- **Your objective**: Using the material below, return exactly the lines between the one holding "2月12日,外国留学生在张家界市永定区参与舞龙表演。" and the one holding "In extremely thick", inclusive, and no others.

'''

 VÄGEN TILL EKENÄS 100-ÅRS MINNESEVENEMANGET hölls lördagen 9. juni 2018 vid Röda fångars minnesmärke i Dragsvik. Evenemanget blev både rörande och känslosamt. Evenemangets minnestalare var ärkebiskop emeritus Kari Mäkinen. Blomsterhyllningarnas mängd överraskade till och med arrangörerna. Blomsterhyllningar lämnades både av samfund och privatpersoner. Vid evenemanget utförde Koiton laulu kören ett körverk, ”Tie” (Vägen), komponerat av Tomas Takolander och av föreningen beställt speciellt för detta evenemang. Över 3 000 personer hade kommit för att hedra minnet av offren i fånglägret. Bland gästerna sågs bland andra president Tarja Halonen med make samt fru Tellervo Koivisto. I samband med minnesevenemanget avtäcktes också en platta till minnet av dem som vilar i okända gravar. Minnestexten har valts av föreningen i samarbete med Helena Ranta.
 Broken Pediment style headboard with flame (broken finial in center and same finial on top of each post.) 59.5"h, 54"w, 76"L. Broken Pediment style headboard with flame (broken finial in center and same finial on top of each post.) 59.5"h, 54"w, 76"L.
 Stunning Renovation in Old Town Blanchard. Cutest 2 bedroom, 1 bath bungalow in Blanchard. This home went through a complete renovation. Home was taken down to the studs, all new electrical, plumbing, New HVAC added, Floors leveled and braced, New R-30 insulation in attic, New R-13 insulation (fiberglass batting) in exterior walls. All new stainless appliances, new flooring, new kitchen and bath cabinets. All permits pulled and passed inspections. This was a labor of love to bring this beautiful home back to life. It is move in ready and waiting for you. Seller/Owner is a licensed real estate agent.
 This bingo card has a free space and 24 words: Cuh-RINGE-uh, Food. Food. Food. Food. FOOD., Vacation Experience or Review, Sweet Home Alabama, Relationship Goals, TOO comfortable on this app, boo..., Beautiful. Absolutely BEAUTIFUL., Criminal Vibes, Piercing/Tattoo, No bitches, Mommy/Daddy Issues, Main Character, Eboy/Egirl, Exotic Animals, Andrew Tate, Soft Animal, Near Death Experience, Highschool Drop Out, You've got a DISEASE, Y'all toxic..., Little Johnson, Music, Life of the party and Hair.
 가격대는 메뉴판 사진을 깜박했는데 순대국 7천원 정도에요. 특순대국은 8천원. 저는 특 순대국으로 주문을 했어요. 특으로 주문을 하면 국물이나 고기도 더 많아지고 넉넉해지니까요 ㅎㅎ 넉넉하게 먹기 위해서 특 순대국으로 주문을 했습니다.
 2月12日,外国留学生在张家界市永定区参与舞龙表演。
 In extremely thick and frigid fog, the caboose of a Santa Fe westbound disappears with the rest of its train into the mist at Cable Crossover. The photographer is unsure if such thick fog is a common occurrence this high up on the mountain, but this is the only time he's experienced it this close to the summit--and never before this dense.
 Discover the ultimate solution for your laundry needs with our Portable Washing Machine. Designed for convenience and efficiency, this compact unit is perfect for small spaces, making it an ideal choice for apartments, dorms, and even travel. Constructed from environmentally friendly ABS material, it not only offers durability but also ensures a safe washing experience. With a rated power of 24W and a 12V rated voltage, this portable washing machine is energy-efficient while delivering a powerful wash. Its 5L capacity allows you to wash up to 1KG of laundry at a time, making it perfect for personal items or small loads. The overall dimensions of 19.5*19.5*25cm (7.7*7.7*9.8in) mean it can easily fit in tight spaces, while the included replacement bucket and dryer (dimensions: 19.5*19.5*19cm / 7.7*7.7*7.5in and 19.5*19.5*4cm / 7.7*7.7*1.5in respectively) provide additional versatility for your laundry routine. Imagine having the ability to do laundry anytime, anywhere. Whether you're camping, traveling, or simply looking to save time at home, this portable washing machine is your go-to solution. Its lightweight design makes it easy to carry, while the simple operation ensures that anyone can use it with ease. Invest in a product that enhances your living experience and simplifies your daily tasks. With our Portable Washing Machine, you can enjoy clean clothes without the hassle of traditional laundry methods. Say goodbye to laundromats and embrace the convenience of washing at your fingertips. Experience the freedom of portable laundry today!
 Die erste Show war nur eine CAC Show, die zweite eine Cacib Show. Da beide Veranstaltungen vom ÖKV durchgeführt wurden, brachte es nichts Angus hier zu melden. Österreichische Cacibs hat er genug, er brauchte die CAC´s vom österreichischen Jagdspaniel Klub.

'''

- **Output of the task**:
 2月12日,外国留学生在张家界市永定区参与舞龙表演。
 In extremely thick and frigid fog, the caboose of a Santa Fe westbound disappears with the rest of its train into the mist at Cable Crossover. The photographer is unsure if such thick fog is a common occurrence this high up on the mountain, but this is the only time he's experienced it this close to the summit--and never before this dense.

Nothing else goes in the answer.